Allan Krupa to jedynie dziecko Edyty Górniak. Nastolatek jest jej oczkiem w głowie, tym bardziej, że od wielu lat wychowuje się bez ojca. Dariusz Krupa od dwóch lat jest na wolności po spowodowaniu śmiertelnego wypadku, jednak nie utrzymuje kontaktu z synem. Allan musiał w życiu mierzyć się również z innymi przeciwnościami losu, jednak po spotkaniu na swojej drodze odpowiedniego człowieka, oraz silnej determinacji i wsparciu mamy udało mu się wyjść na prostą i uniknąć poważnej choroby.

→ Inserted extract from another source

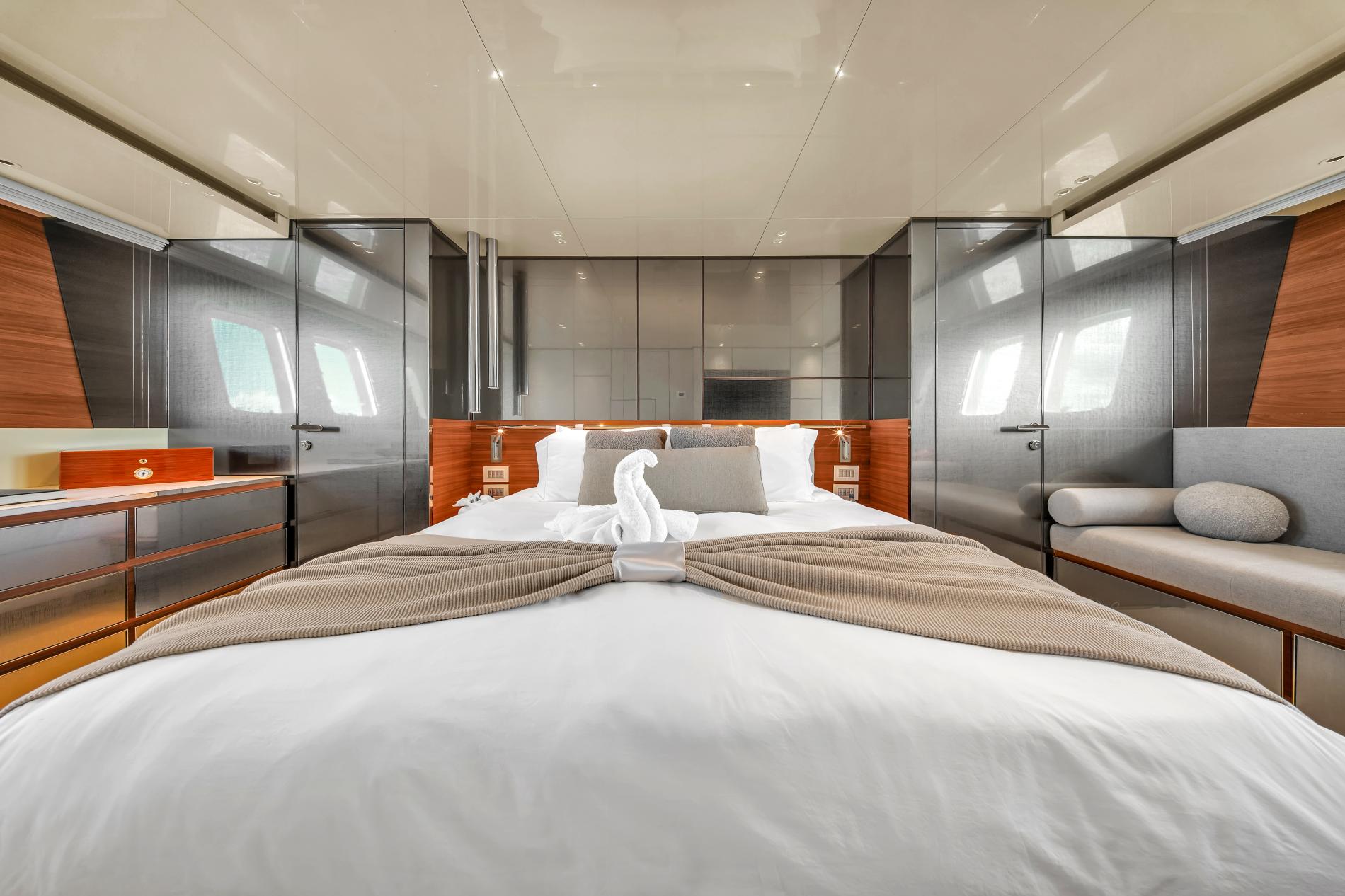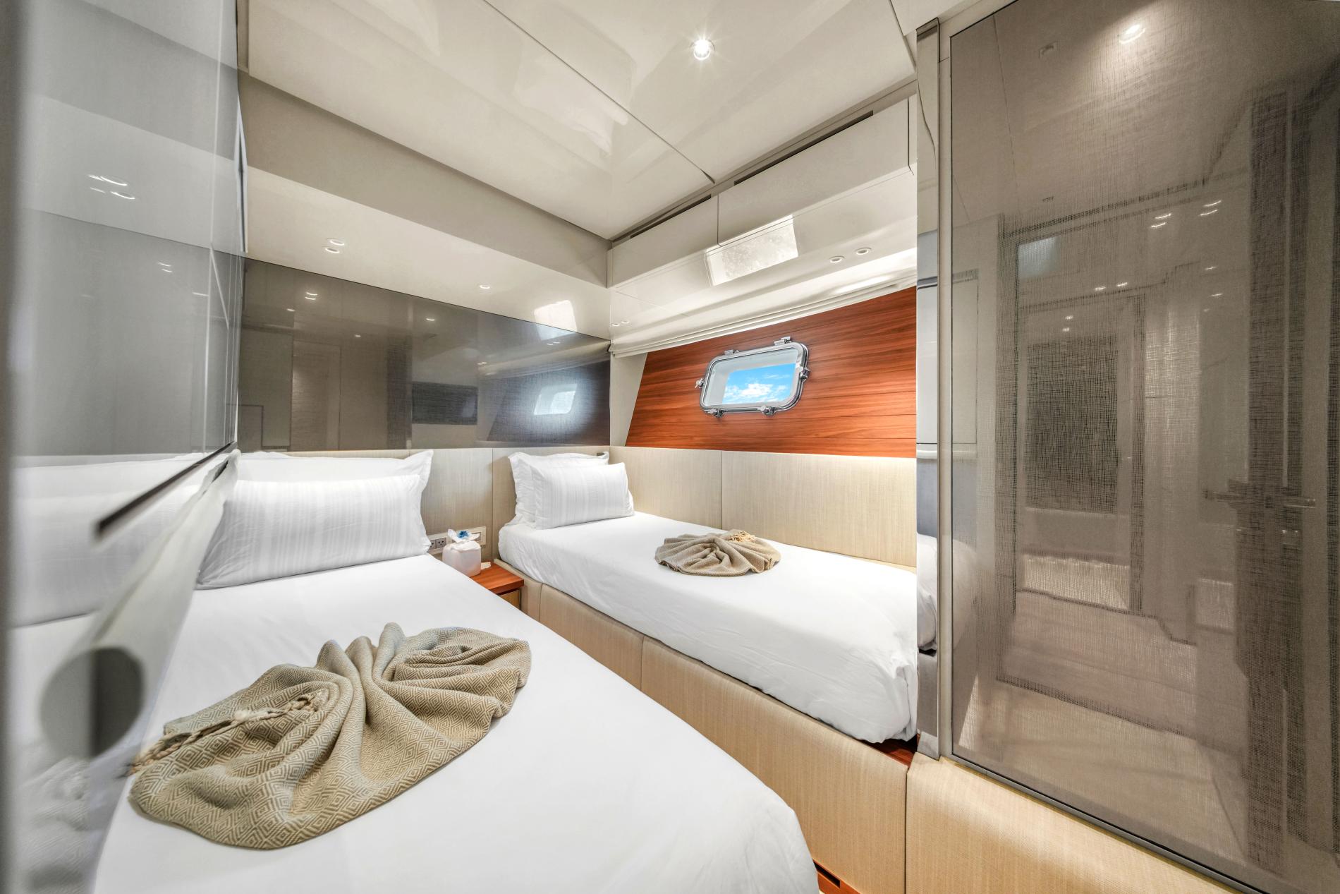 AIDA hosts eight to ten guests in four cabins, including a full-beam master suite, VIP, and two guest cabins. New carpeting adds comfort, while upgraded crew quarters accommodate four members for enhanced service. A guest area washer and dryer ensure practical luxury during extended stays.

Allan Krupa miał dużo szczęścia, wygrał z cukrzycą
Edyta Górniak wspiera Allana na każdym polu. Opłaciła synowi produkcję jego pierwszego teledysku do piosenki Lambada, która spotkała się z pozytywnym odbiorem słuchaczy, promuje jego twórczość w swoich mediach społecznościowych, a także, jak nikt, pilnuje jego dobrego stanu zdrowia. Kiedy Allan zaczął przybierać na wadze, natychmiast zabrała go do specjalisty, który zajął się jego zdrowiem. Stan był poważny - chłopak otarł się o cukrzycę. Nowy styl życia i wyrobienie odpowiednich nawyków żywieniowych wystarczyły, aby nastolatek wrócił do pełnego zdrowia.
Trener wyciągnął z poważnych tarapatów mojego syna, który miał początki cukrzycy. Widziałam więc na własne oczy efekty jego wiedzy i starań - wyjaśniła Edyta w rozmowie z "Party".
Piosenkarka nie ukrywała, że również skorzystała z wiedzy "cudotwórcy".
Zwróciłam się do niego o pomoc. Odzyskałam siebie – zdrową i lekką. Nie wiem nawet, ile kilogramów straciłam, ale czuję się bardzo dobrze - zdradziła wokalistka.
Dymny z siebie trener personalny, również zabrał głos w sprawie pracy, którą wykonał na korzyść młodego rapera: "Twardy zawodnik - zrobił kawał dobrej roboty. Pożegnaliśmy piętnaście kilogramów" - napisał na Instagramie.